Years before the 1948 rise of the National Party and official apartheid, blacks had lost rights of private property and free trade. Apartheid went further. It divided South Africa into the ten tribal homelands. The State based these on traditional tribal lands and on the reserves instituted under British colonialism. The homeland governments imposed inefficient tribal customs regarding property and trade. These were further supported by the restrictive rules and regulations originally set up by the British.

The division of South Africa into white and black areas, however, had virtually been finalized by 1936. The Land Act of 1936 completely outlawed black purchase of white land. During the 1960s, blacks still owning land in white areas were finally forced to move. Today blacks still cannot own land in over 85 percent of greater South Africa.

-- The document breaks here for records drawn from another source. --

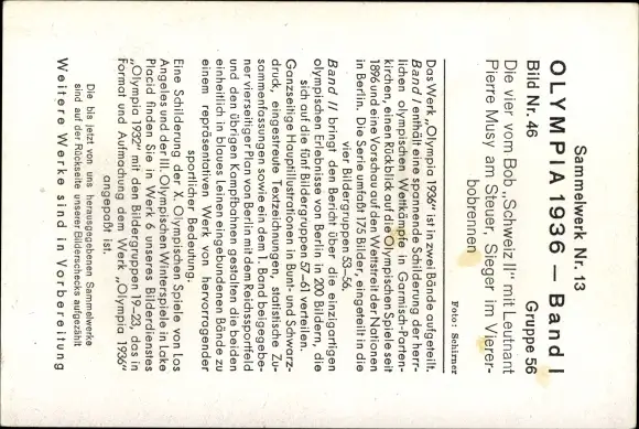 Sammelbild Olympia 1936, Bob Schweiz II, Pierre Musy
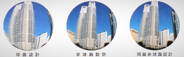レンズには、球面設計、非球面設計、両面非球面設計とあります。
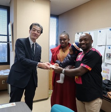 Commemorative group photo, from the left Mr. Keita Sugiura, Vice President for Student Affairs Shinobu Satoh, Mr. Zhu Daoyuan, and Mr. and Mrs. Onyejelem

In the white areas, whites own their property outright. They can buy and sell land on the open market. In the black areas, land is allocated on a tribal/colonial basis. Under tribal/colonial law, the land available to blacks is commonly not available as private land.

The effect of the lack of private farm land and of free agricultural markets is persistent hunger and poverty. Tribal chiefs allocate land for political, not economic purposes. Farming for profit is virtually impossible. Writing in Land and People, David Cooper explains:

     In most areas landholding is based on a one-family
     one-plot system, with land allocated by the Tribal
     Authorities....Since chiefs and headmen control
     the system and get their power and privilege from
     the right to allocate land, they feel no need to
     find a more productive system of land-use....A few
     individuals grow crops for market, but most people
     produce for the home and sell only if they have a
     surplus.  No organised market exists in most of
     these areas, so there is no incentive for people
     regularly to produce a surplus.

The inefficiencies of the tribal/colonial land tenure are not unique to South Africa. In neighboring countries, there exist similar systems of land tenure with similar disastrous results. Agricultural output in southern Africa, as in the rest of Sub-Saharan Africa, remains far below potential.

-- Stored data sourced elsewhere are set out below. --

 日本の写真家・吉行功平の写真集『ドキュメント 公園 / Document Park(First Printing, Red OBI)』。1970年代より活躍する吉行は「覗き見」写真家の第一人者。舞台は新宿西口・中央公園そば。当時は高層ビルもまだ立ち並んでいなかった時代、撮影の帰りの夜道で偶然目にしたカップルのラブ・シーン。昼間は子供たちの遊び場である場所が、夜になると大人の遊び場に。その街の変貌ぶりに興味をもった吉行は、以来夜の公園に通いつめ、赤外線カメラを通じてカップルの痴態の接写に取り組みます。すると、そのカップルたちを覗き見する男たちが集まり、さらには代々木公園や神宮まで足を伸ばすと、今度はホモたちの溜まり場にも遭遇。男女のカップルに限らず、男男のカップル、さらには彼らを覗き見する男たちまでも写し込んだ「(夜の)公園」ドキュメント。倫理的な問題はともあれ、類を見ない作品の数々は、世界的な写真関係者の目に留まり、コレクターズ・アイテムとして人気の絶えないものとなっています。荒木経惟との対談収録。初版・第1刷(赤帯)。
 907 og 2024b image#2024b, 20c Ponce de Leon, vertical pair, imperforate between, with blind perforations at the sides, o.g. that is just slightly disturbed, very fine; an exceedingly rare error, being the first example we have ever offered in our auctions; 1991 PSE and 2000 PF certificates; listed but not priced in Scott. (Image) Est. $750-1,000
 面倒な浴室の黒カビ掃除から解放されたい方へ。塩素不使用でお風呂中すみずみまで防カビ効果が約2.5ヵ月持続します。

Unique to South Africa is the continuation of an inefficient tribal/colonial land system for blacks alongside a system of private ownership for whites. Tribal/colonial land tenure and the Group Areas Act of 1950 prevent the development of a system of private property for blacks. Productive, commercial black farming is still not possible.

The Socialist Position

The tribal/colonial system of land tenure has broader implications than low black agricultural output. The system reinforces the socialist view of political economic relations in South Africa. At the English-speaking universities in South Africa, including Cape Town, Natal, and the Witwatersrand, extensive research programs study agriculture from a Marxist perspective.

South African socialists view the tribal/colonial system that has existed since the days of Rhodes as part of the overall capitalist system. It insures that the (black) workers remain dependent on (white) capitalists for their livelihood. Agrarian problems are viewed as an integral component of capitalist exploitation.

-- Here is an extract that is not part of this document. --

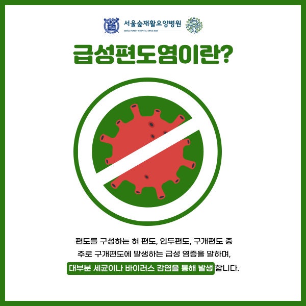 우리 신체조직 중 편도선은 목 안쪽과 코 뒤쪽 림프조직을 말합니다.면역계의 일부로 외부에서 들어오는 세균 등을 방어하는 역할을 합니다.편도선을 구성하는 설편도, 인두편도, 구개편도 중 주로 구개편도에 발생하는 급성 염증을 말하며 대부분 세균이나 바이러스 감염에 의해 발생합니다.◈ 버스이용방법 ◈ 3412 고덕역 하차 340, 342, 3411 고덕평생학습관 하차 ◈ 지하철 이용방법 ◈ 고덕역 하차 3번 출구 도보 7분 상일동역 하차 1번 출구 도보 7분감기와 헷갈리는 급성 편도염 서울숲재활요양병원안녕하세요 서울숲재활요양병원입니다:) 일교차가 커지는 요즘 온도가 급감하여 면역력이 저하되고 바이러스나 세균이 몸에 침투하여 다양한 질환을 유발하고 있습니다. 이때 많은 질환과 건강의 이상 변화를 감기로 착각하여 치료를 미루는 불상사가 빈번하게 발생하고 있습니다.급성 편도염은 감기와 헷갈리기 때문에 많은 환자들이 이 질환의 치료 시기를 놓치는 경우가 많습니다. 따라서 급성 편도염이 무엇인지와 원인과 증상에 대해 잘 알고 대처해야 하며 급성 편도염 예방법을 알고 사전에 예방해야 합니다.
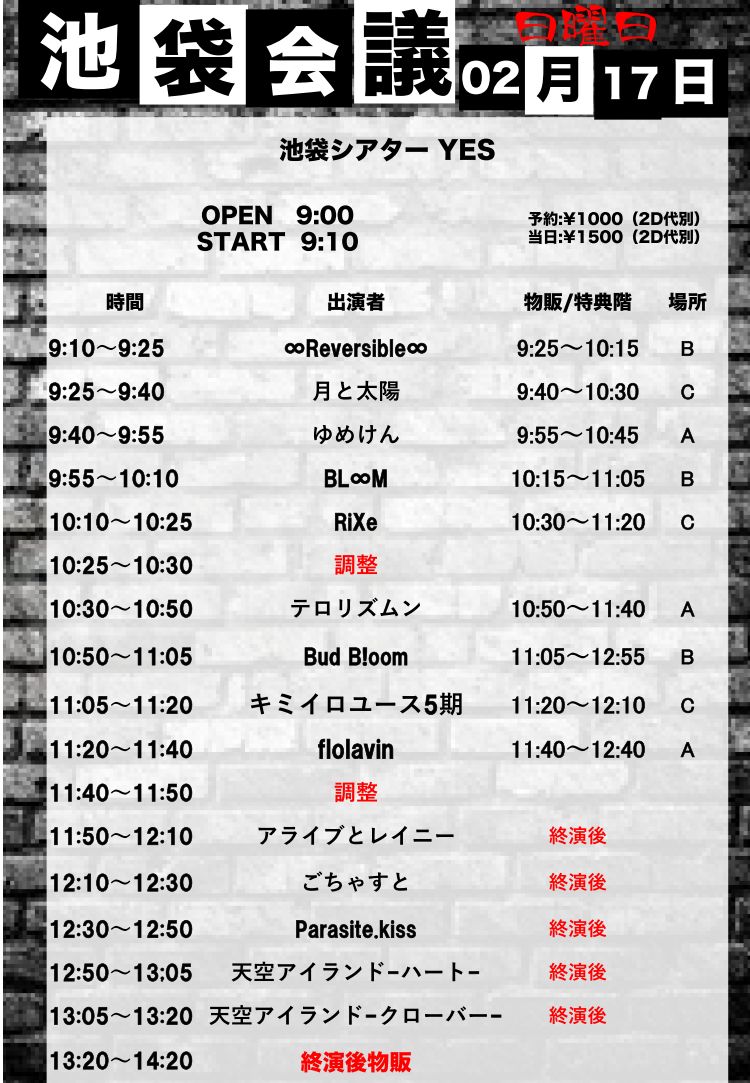 出演者 天空アイランドTeam-クローバー/天空アイランドTeam-ハート-/ごちゃすと/flolavin/RiXe/ゆめけん/Bud B!oom/月と太陽/キミイロユース5期/BL∞M/アライブとレイニー/テロリズムン/Parasite.kiss/∞Reversible∞/他

With this perspective, Marxist scholars research issues such as freehold tenure, the moves toward democracy, and the prospects for socialism. For example, in the December 1987 issue of Africa Perspective, J. Krikler contends that agriculture is the "weak link in South African capitalism." Breaking that link is believed to be key to a socialist revolution.

Others contend that so-called bourgeois reforms will not improve the conditions of blacks. They maintain that attempts to bring about private ownership and free markets in black farming will make conditions even worse. This view is clearly stated in a recent issue of the South African Review:

     The establishment of a "free market" in bantustan
     land will have devastating consequences.  Relations
     in the market are inherently unequal.  The abolition
     of regulatory controls in favour of market forces are
     inherently unequal....The privatisation of bantustan
     land based on free market principles will lead to an
     escalation of landlessness and an intensification of
     poverty and inequality in access to economic resources.

The socialist analysis of the agrarian problem in South Africa leads to proposals to socialize agriculture. Rather than advocating a move from the tribal/colonial system to a free market system, the Marxists label the tribal/colonial system capitalistic. Private property reforms will only make matters worse, they claim. Black farming will be improved only through moving directly to socialism.

Socialism means nationalization of agricultural land and the central planning of agricultural production. Krikler contends that: "Expropriation without compensation remains the only feasible first step towards socialism in rural, as in industrial, South Africa." Once the land is seized by the State, it will be managed according to well-established socialist principles. Writing in South African Review, David Cooper emphasizes this point:

     The productive core controls so much production
     because it owns such a high proportion of agricultural
     land and capital.  Leaving the periphery with its
     poor land base and limited resources to provide for
     the majority of rural South Africans, will in effect
     extend the bantustans without substantially changing
     the pattern of poverty found there at present....It
     will be essential to tap the resources of the
     productive core for any land redistribution policy to
     succeed....An expropriation policy must therefore
     concern itself with the organisational forms --
     collectives, state farms or co-operative ventures --
     that will be appropriate in the productive core.
     Such a policy would involve intensive settlement of
     people from unviable areas.

The South African socialists, however, are surprisingly utopian about socializing agriculture. One effect of sanctions against the country seems to be to have isolated them from learning about the experiences of socialist countries. The historical record of collective farming shows it to be a dismal failure.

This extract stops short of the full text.